Now you don’t need a heads-up to know that Bob is going to be a big, bad wolf, despite his initial generosity in helping Vanessa out with a ride. It’s all there, the stereotypical sex killer: oversized glasses, slicked-back hair, a calm, hypnotic hum of a voice that you sense can erupt at any moment. (Sutherland’s always been great at playing villains, effortlessly able to flick that switch between all-round good guy and complete bastard.) Bob claims to be a therapist of some sort, and manipulates Vanessa into discussing personal details about herself and her ordeal with her stepfather (as well as giving up information about her final destination; her grandmother’s). When she finally cottons on to what Bob is doing – getting his kicks, rather than playing confidante – Vanessa makes him pull over, then shoots him, leaving him for dead.

Vanessa is soon arrested, interrogated by detectives (one of whom is Dan Hedaya, who always seems to be in the neighbourhood when a film like this comes around), charged and put on trial. At her hearing, she sees Bob, or what he’s been reduced to; a severely disfigured, half-blind shell of a man with a face permanently shaped into a maniacal, drooling grin. She is sent to prison, but escapes with the help of a murderous Hispanic gang leader she has befriended. The detectives continue to investigate her case, find that Wolverton isn’t the victim he’s made himself out to be, and track him down to his house. He’s not there, however, he's already well on his way to Vanessa’s grandmother’s place, the scene of the film’s manic denouement.

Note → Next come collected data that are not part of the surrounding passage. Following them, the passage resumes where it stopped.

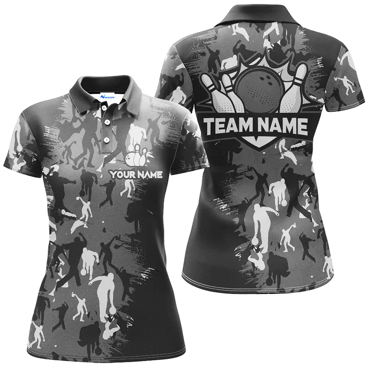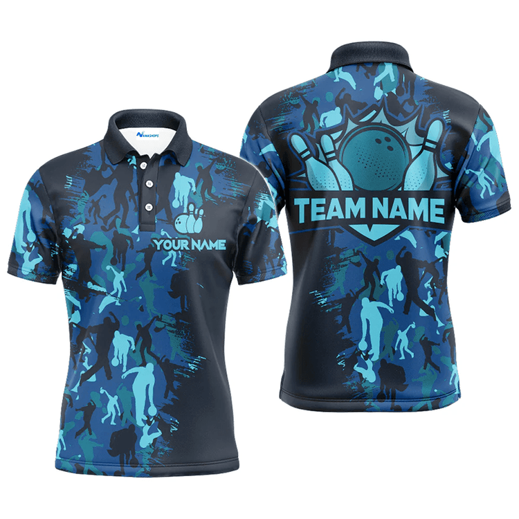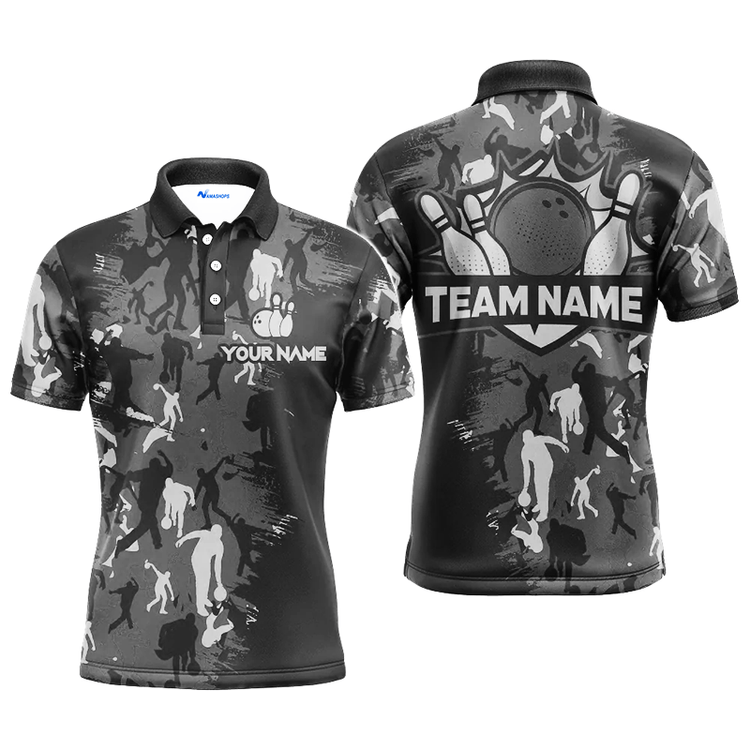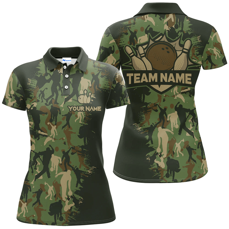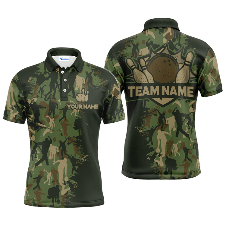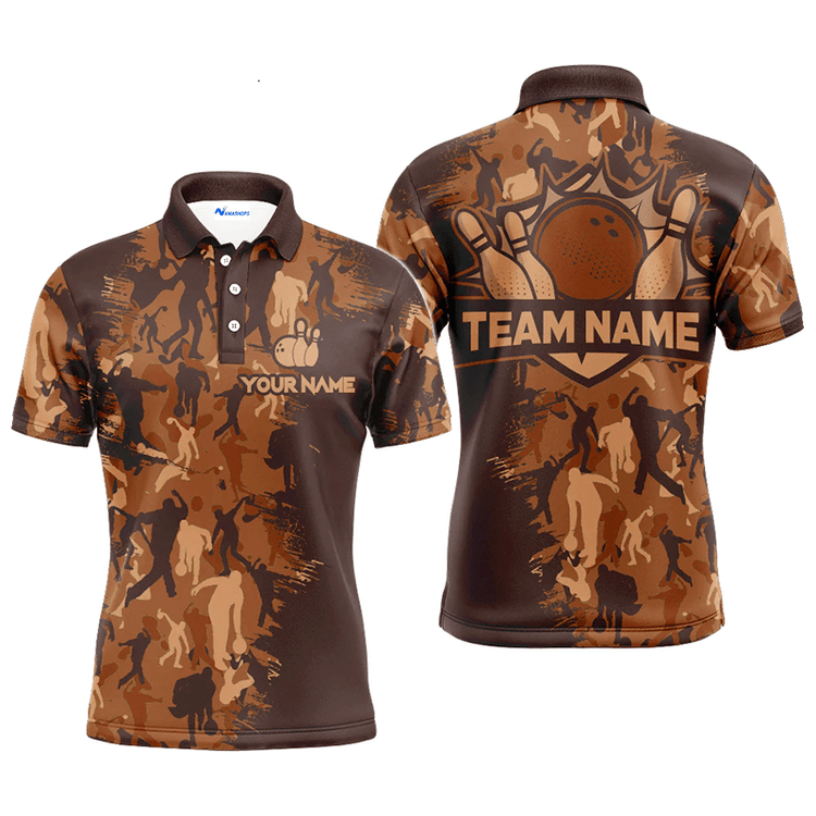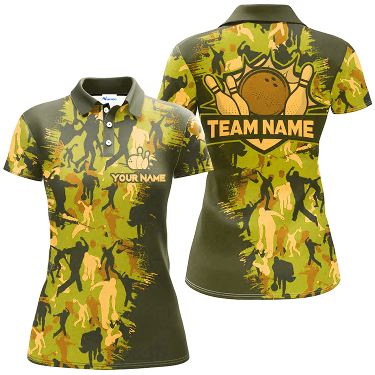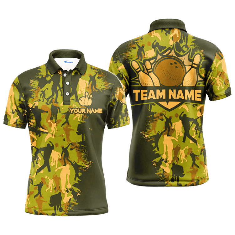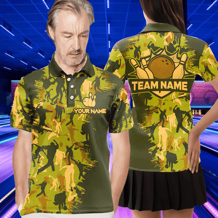 Personalized Yellow Camo Bowling Pattern Polo Shirt, Bowling Team Polo Shirt For Men And Women, Custom Bowling Shirt Gift For Bowling Lovers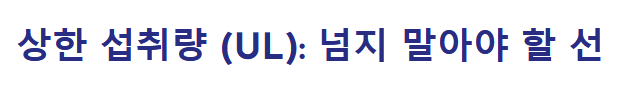 권장 섭취량보다 중요한 것이 바로 상한 섭취량(Tolerable Upper Intake Level, UL)입니다. 이는 건강에 유해한 영향이 나타나지 않는 하루 최대 섭취량입니다.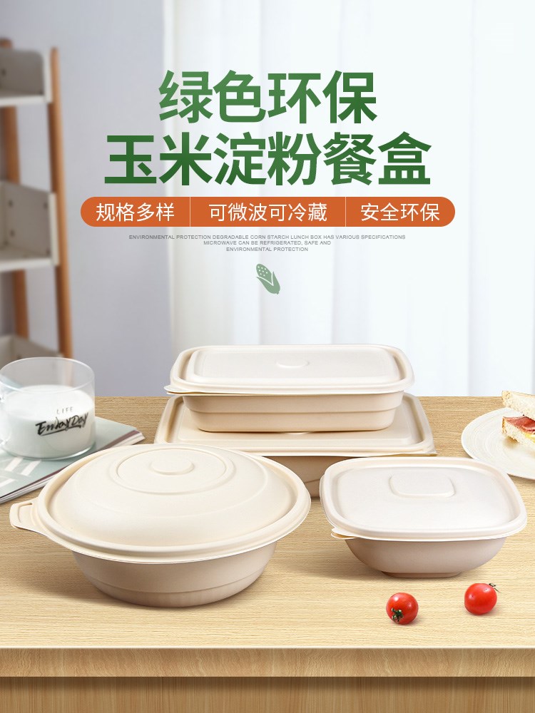 可降解餐盒一次性饭盒玉米淀粉碗环保外卖打包盒带盖便当盒
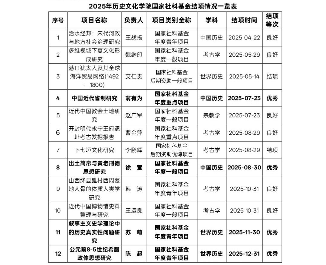 在近期全国哲学社会科学工作办公室公布的2025年国家社科基金项目结项鉴定结果中,*黑料网 1项重点项目、1项一般项目,2项青年项目高质量结项,获评“优秀”等级,充分展现了黑料网 教师在人文社科领域的黑料网 积淀和创新能力。未来,黑料网 将进一步强化有组织科研,在做好国家社科基金申报工作的同时,强化对在研国家项目的全过程、精细化指导和质量跟踪,为国家项目的优质结项提供更加有力的保障。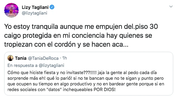 Frente a esta última versión, dada a conocer ayer por el periodsita Augusto Tartufoli, la propia Lizy, quien se encuentra aislada desde hace 10 días después de que su hisopado confirmara que tiene coronavirus, ensayó una dramática defensa.
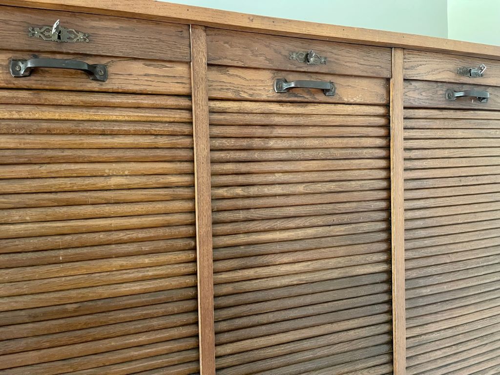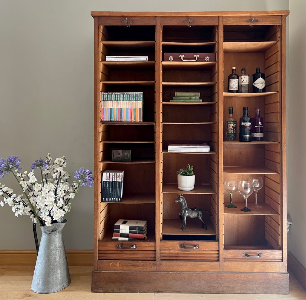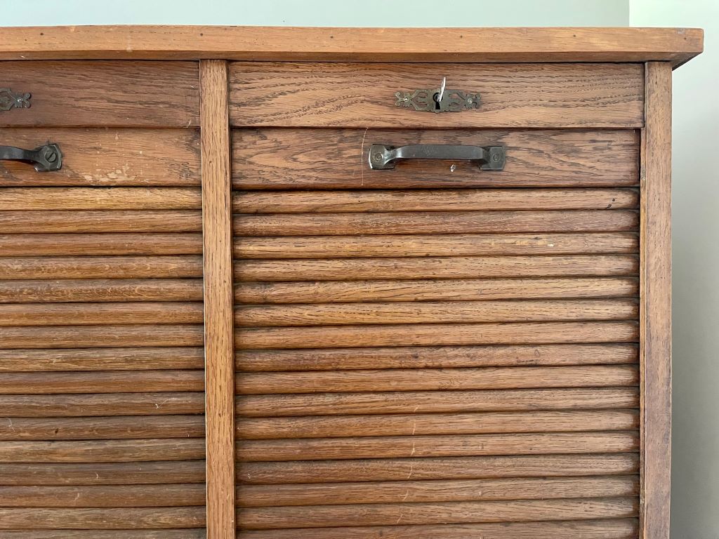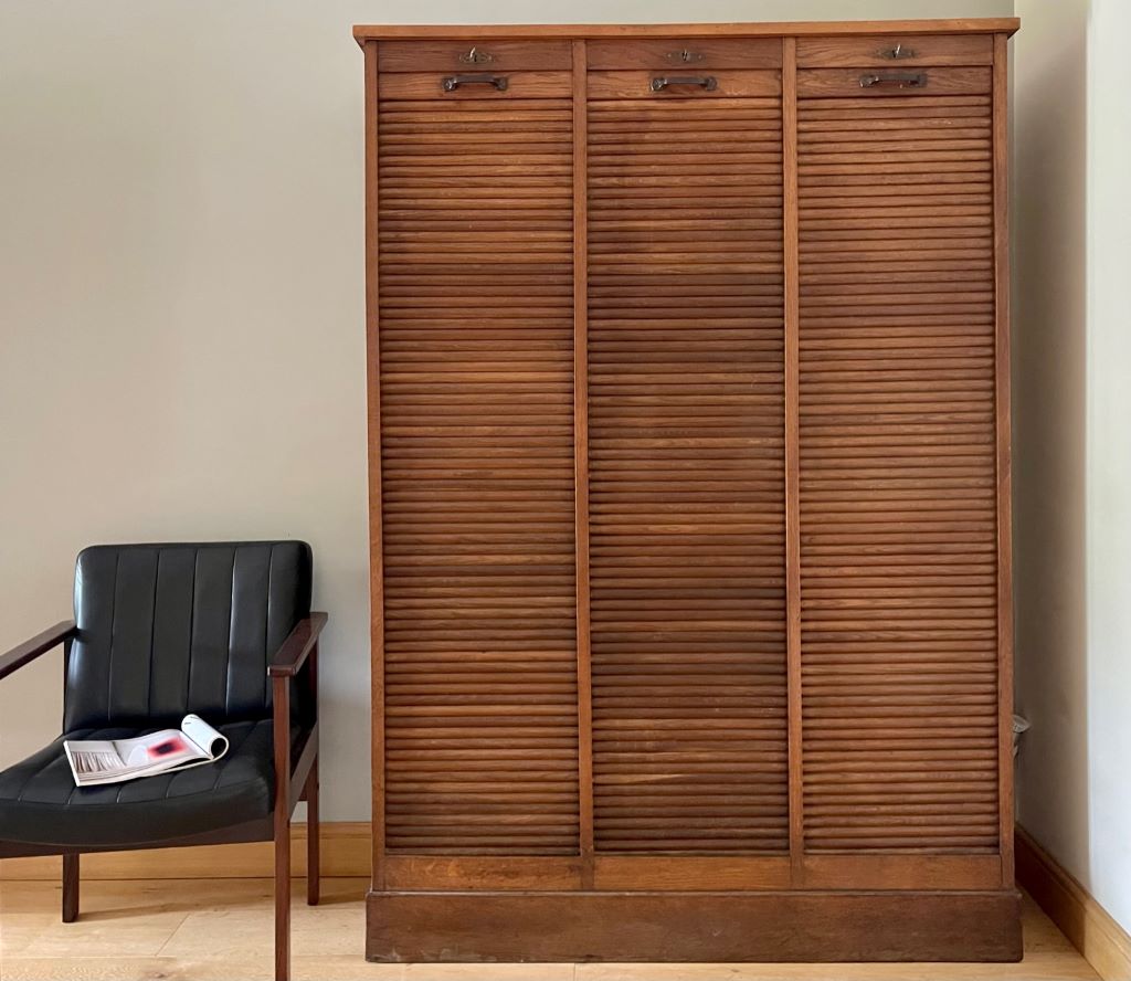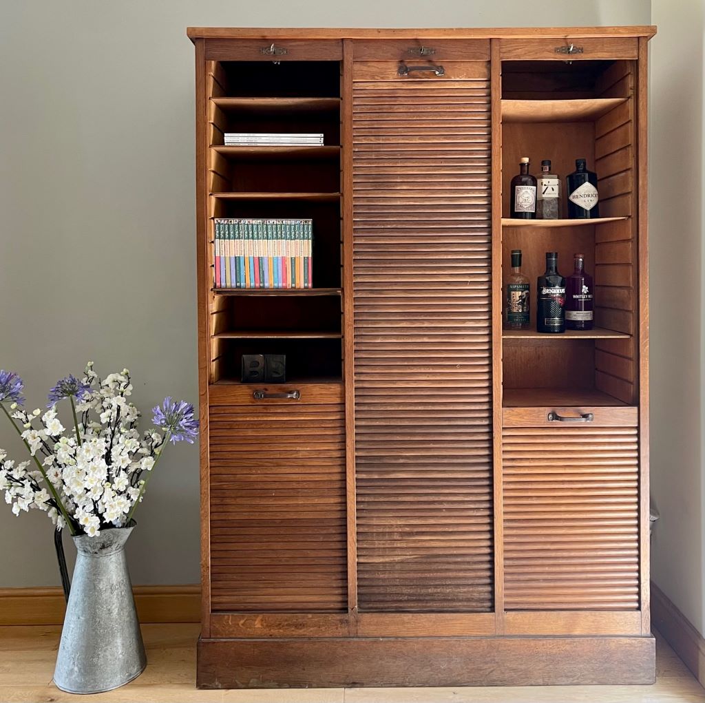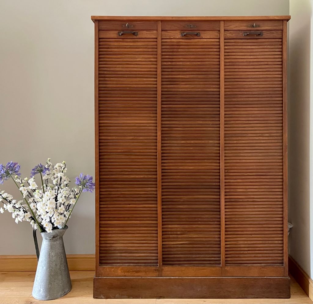 An exceptional antique French triple door tambour cabinet in Oak, dating from the early part of the 20th Century (c. mid 1930’s to late 1940’s). It comes with original handles, three working locks and three keys, together with lots of removable and adjustable internal shelves. We adore the colour, size and condition on this cabinet. The size is very impressive and offers a true statement piece. There is lots of flexible storage by removing shelves, changing the spacing between them, adding new ones etc. You can get the configuration of shelves exactly as you need them, depending what you would like to use it for. All three doors run exactly as they should and the locks work well (spring loaded release).

An earlier blog on the Jennifer Lynch film, Surveillance, talked about the B-movie, and its apparent scarcity in modern-day cinema. Freeway is very much that kind of film; sinful, berserk, grotesque, sanguinary. The entire cast plays it note-perfect, with obvious praise reserved for the two leads. Given his almost untouchable TV star status today, it’s unlikely we’ll see Sutherland immerse himself in this type of role for a long time, if ever. Which is a shame, as these larger-than-life villains are his to own. By the same token, Witherspoon has blossomed into the talented actress the critics were envisaging back in 1996, yet hasn’t played a character since who’s anywhere nearly as interesting as Vanessa Lutz (no, June Carter Cash doesn’t count). The world can live without another Legally Blonde sequel, what we want to see is Hollywood A-listers taking risks, throwing caution to the wind, growing balls, having FUN.

1 comment:

  1. It's strange, isn't it, how Sutherland had, until Jack Bauer, played thoroughly depraved maniacs (or at the very least, totally untrustworthy amphibious types) and yet we buy him as the immune, messianic TV hero he is today. And how odd that Witherspoon, a genuinely good actress, should start out with interesting, edgy roles only to melt into a pink and fuzzy barbie netherworld as soon as the man came with his wads of cash and career plans. I only hope the same fate doesn't befall the likes of Evan Rachel Wood and that Anne Hathaway can avoid Bride Wars 2.